-- What the task asks --
Would you give the listing again exactly as written, minus its pictures?

-- Data section --

[Start of section]

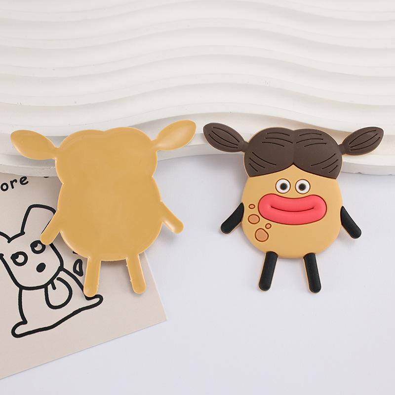 Soft glue: brown big eye potato girl 6.1x6.6cm, Soft glue: brown big mouth potato girl 6.1x6.6cm, Soft: brown ...
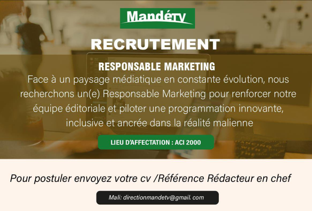 Face à un paysage médiatique en constante évolution, nous recherchons un(e) Responsable Marketing pour renforcer notre équipe et piloter une stratégie innovante, inclusive et ancrée dans la réalité malienne.
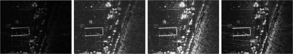 Участок сцены, соответствующий базовому изображению, согласно рис. 3, вырезается на остальных изображениях относительно середины интервалов накопления зондирующих сигналов Tcn (фазовых центров синтезированной апертуры антенн). Поскольку для обеспечения одинаковой дальности обнаружения в каждом частотном канале РСА требуется различная мощность излучения, а также в случае различной чувствительности приемников РСА требуется предварительное выравнивание динамического диапазона РЛИ. С учетом вычисленных согласно выражению (6) масштабов каждого РЛИ s n их динамический диапазон может быть выравнен, например, согласно выражению
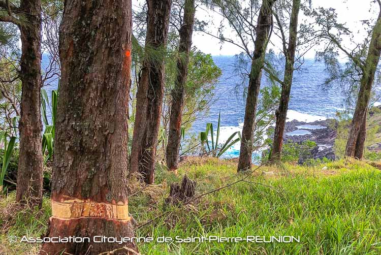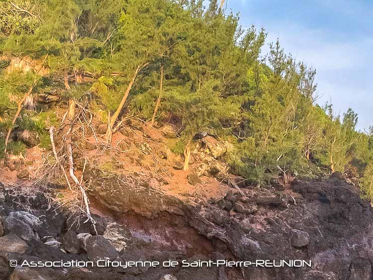 Cette responsable du CL tente aussi de se dégager de toute responsabilité en cas de chute d’arbre annelé qui tomberait en fin de vie. Cela est très étonnant alors que le site qui domine l’îlot de Manapany est un site qui peut être fréquenté par des marcheurs et des pêcheurs.

[End of section]

-- Answer to the problem --
 Soft glue: brown big eye potato girl 6.1x6.6cm, Soft glue: brown big mouth potato girl 6.1x6.6cm, Soft: brown ...
 Face à un paysage médiatique en constante évolution, nous recherchons un(e) Responsable Marketing pour renforcer notre équipe et piloter une stratégie innovante, inclusive et ancrée dans la réalité malienne.
 Участок сцены, соответствующий базовому изображению, согласно рис. 3, вырезается на остальных изображениях относительно середины интервалов накопления зондирующих сигналов Tcn (фазовых центров синтезированной апертуры антенн). Поскольку для обеспечения одинаковой дальности обнаружения в каждом частотном канале РСА требуется различная мощность излучения, а также в случае различной чувствительности приемников РСА требуется предварительное выравнивание динамического диапазона РЛИ. С учетом вычисленных согласно выражению (6) масштабов каждого РЛИ s n их динамический диапазон может быть выравнен, например, согласно выражению
 Cette responsable du CL tente aussi de se dégager de toute responsabilité en cas de chute d’arbre annelé qui tomberait en fin de vie. Cela est très étonnant alors que le site qui domine l’îlot de Manapany est un site qui peut être fréquenté par des marcheurs et des pêcheurs.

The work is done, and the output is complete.